Thanks to its mathematical properties and ability to incorporate both trend and randomness, GBM is highly useful in finance for modeling scenarios where future value changes are log-normally distributed.
Ito's Lemma
Ito's Lemma is a fundamental tool in stochastic calculus, used to find the derivative of a function that depends on a stochastic process. It extends the rules of differentiation to functions affected by Brownian motion.

When we apply Ito's Lemma to the solution of a geometric Brownian motion, such as our exchange rate model, it allows us to express \( S_t \) in terms of its stochastic components:
  • \(S_t = S_0 e^{(\mu - \frac{1}{2} \sigma^2)t + \sigma W_t}\)
This formula is crucial because it enables us to predict the expected future value of the exchange rate by considering both the deterministic and stochastic effects.
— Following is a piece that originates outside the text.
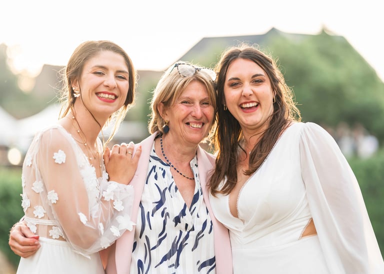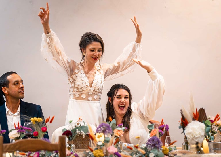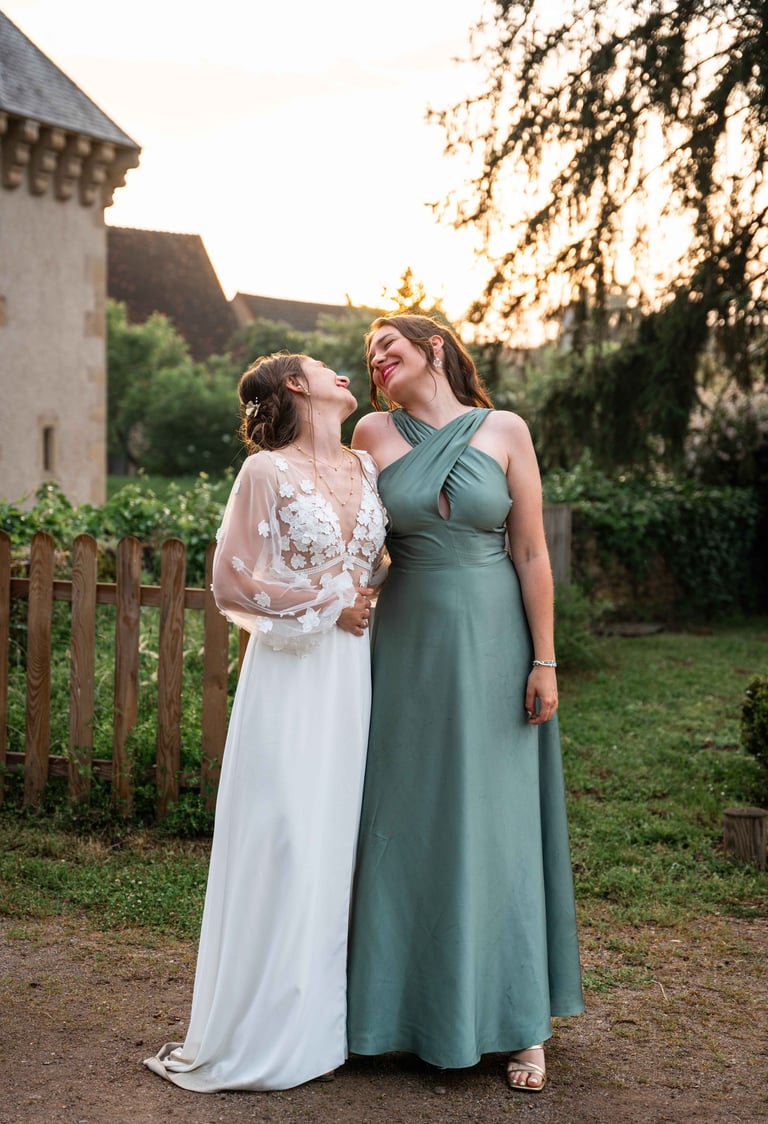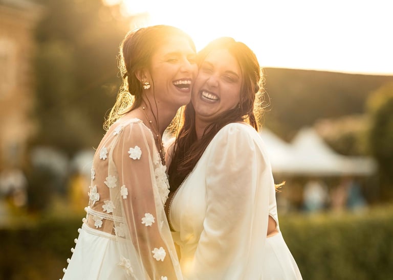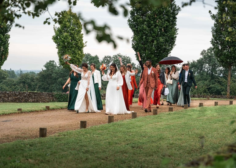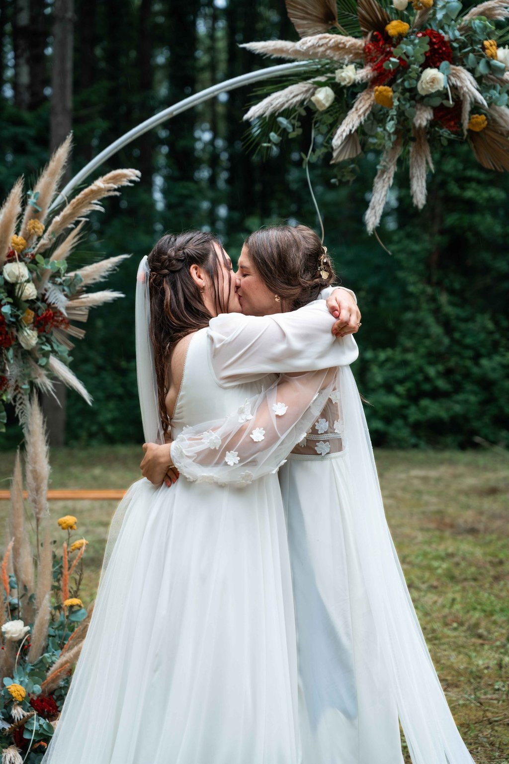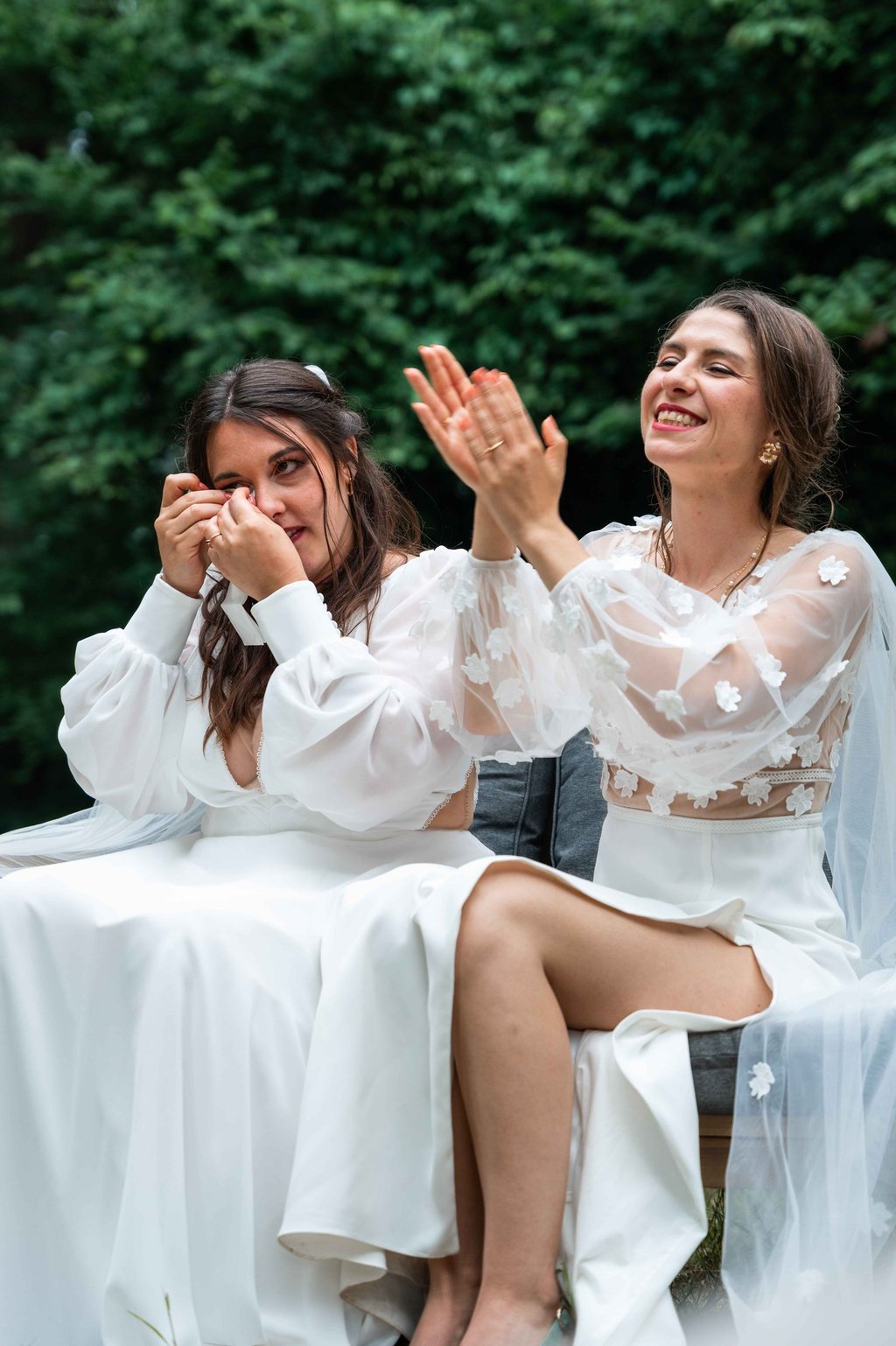 Concernant Amandine et Elsa, de bonnes fêtardes bons délires, nous avons rarement vu des mariées aussi peu stressées, surtout au vu du temps et de la pluie qui est tombée en pleine cérémonie laïque !
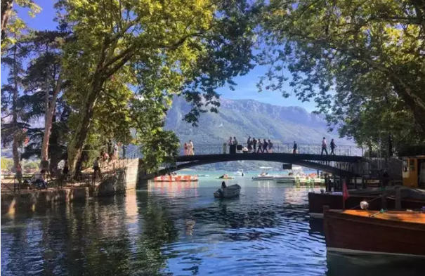 在安纳西湖畔,大家还来到著名的卢梭爱情桥(Pont des Amours)。相传18世纪法国思想家卢梭曾在这里漫步沉思,这座横跨湖畔运河的小桥因此被赋予了浪漫的象征意义。桥畔绿树掩映,湖水澄澈,远山如黛,是安纳西最富诗意的景点之一。大家纷纷驻足拍照留念,在这座象征爱情与美好的桥上记录下属于这个春天的欢乐瞬间。

By leveraging Ito's Lemma, we can make complex calculations more tractable, which is essential in evaluating financial models where models like GBM are used.
Expected Value Calculation
Calculating the expected value over time is a core aspect of stochastic processes like Geometric Brownian Motion. The expected value reveals the average outcome that we anticipate based on the process's inherent trends and randomness.

In our exercise:
  • The expected value of the exchange rate at time \(t\) is represented by \(\mathbb{E}[S_t] = S_0 e^{\mu t}\).
This expectation signifies how much, on average, the exchange rate is expected to increase or decrease over a given time, assuming constant drift and no unforeseen large shifts.
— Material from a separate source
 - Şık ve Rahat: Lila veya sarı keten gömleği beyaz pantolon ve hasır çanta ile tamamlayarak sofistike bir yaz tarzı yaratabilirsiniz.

In practical terms, especially for exchange rate modeling, calculating the expected future value helps in making informed economic and financial decisions, ensuring strategies can account for likely movements in currency values.
Exchange Rate Modelling
Exchange rate modeling involves using statistical and mathematical methods to predict future currency value movements. A robust model helps businesses and investors manage risks associated with currency fluctuations.
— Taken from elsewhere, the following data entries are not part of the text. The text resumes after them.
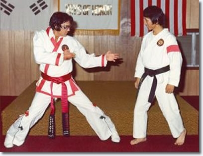 HISTORICAL PHOTO Grandmaster Kang Rhee (R) w/ student, the late King of Rock n' Roll, Elvis Presley
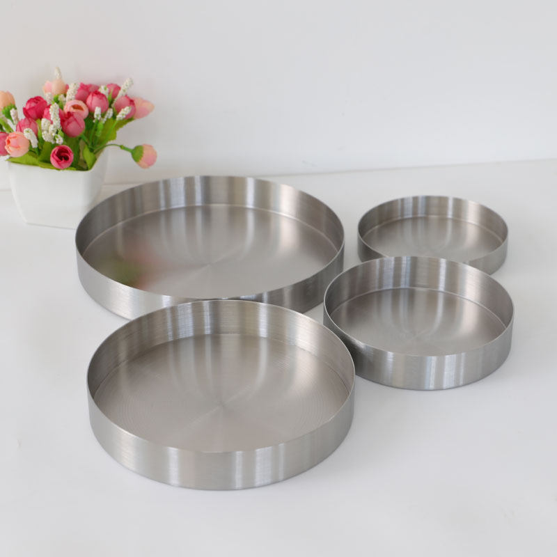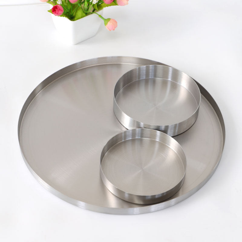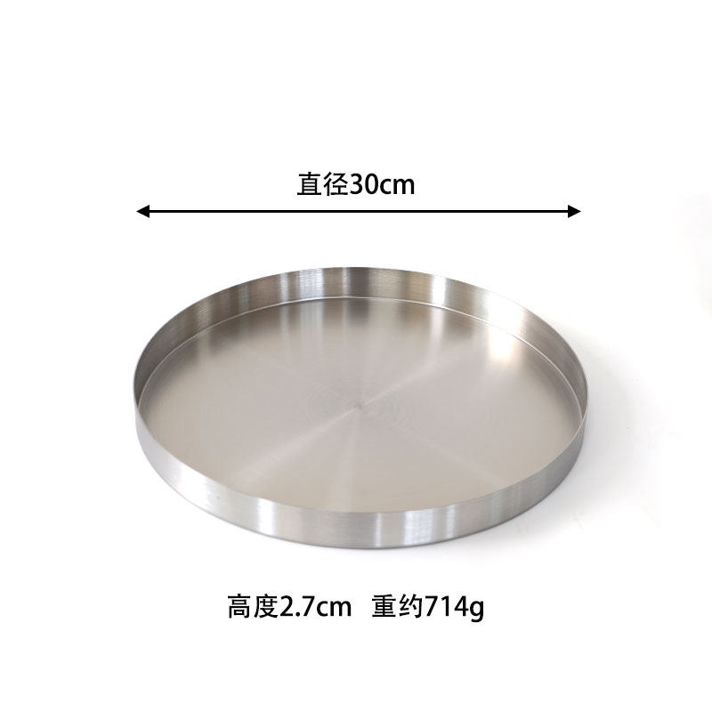 北欧不锈钢原色圆盘金属银色托盘收纳盘摆件饰品盘圆形平盘水果盘
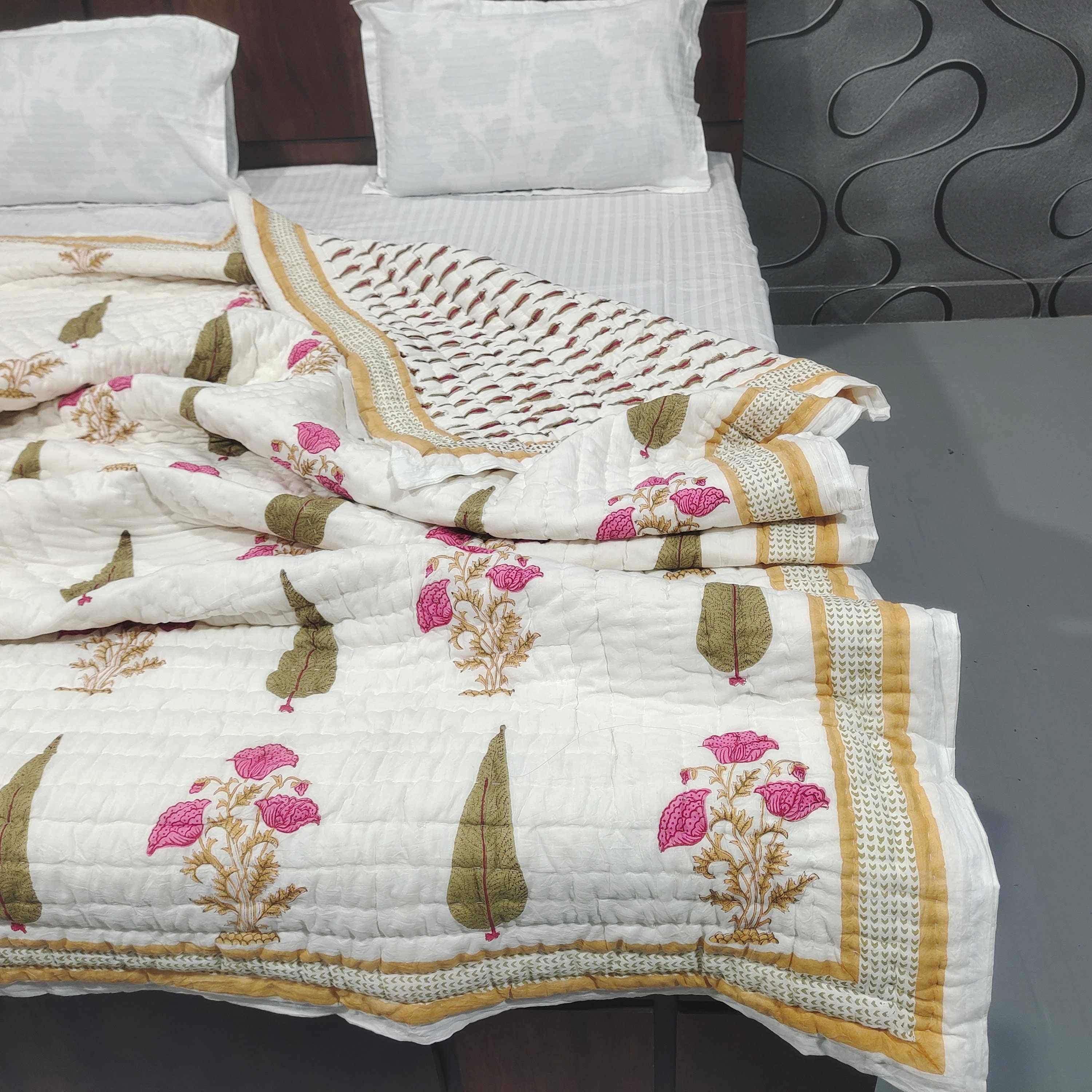 Beautiful Cotton Quilts Hand Block Printed with Hand Stitching Quilts
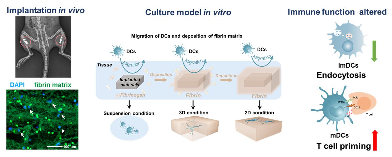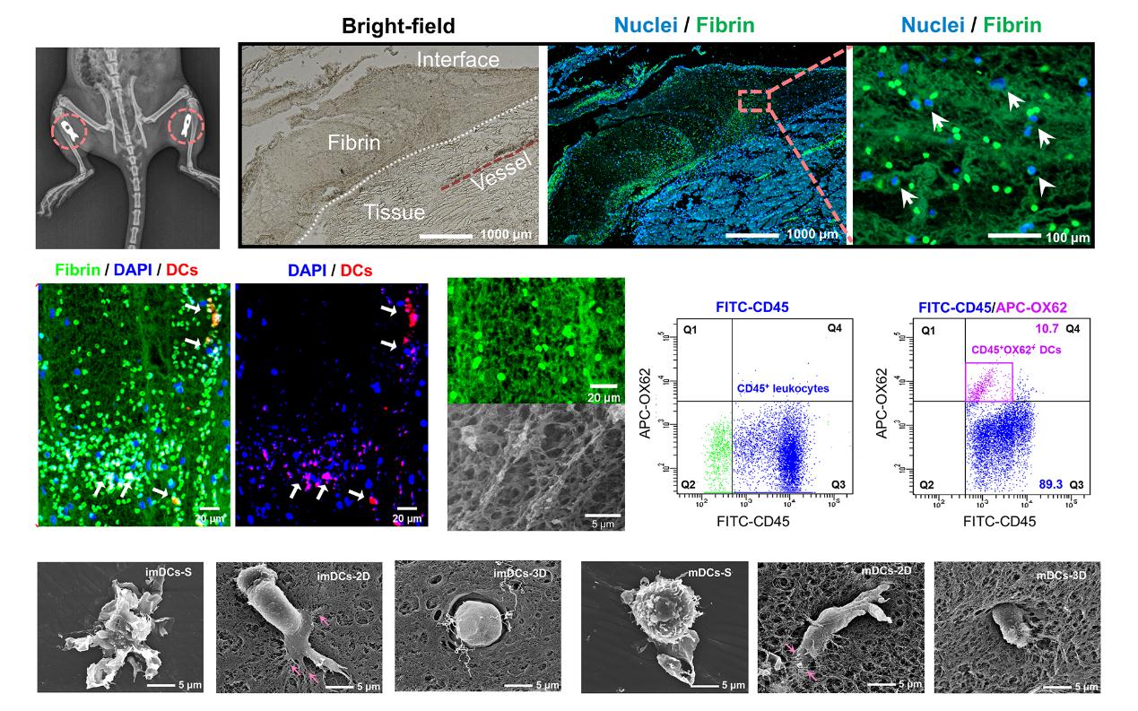 图1. 生物材料植入诱导的纤维蛋白基质沉积和DCs的募集
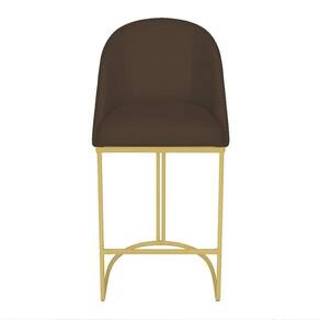 Banqueta Alta Bela Suede Base Metálica Industrial Dourado - Pallazio Cor Marrom

In our context, the stochastic differential equation \(d S_t = \mu S_t dt + \sigma S_t d W_t\) plays a pivotal role in modeling the US dollar/Japanese Yen exchange rate. This approach provides insights into:
  • The average rate change, modeled by the drift \(\mu\), reflecting overall economic trends.
  • The randomness introduced by volatility \(\sigma\), capturing market uncertainty and external shocks.
Efficient exchange rate forecasting using such models allows for better hedging strategies, reliable pricing of products in international markets, and improved cash flow planning. By understanding these parameters and how they interact, financial planners and strategists can enhance their approaches to dealing with forex risks.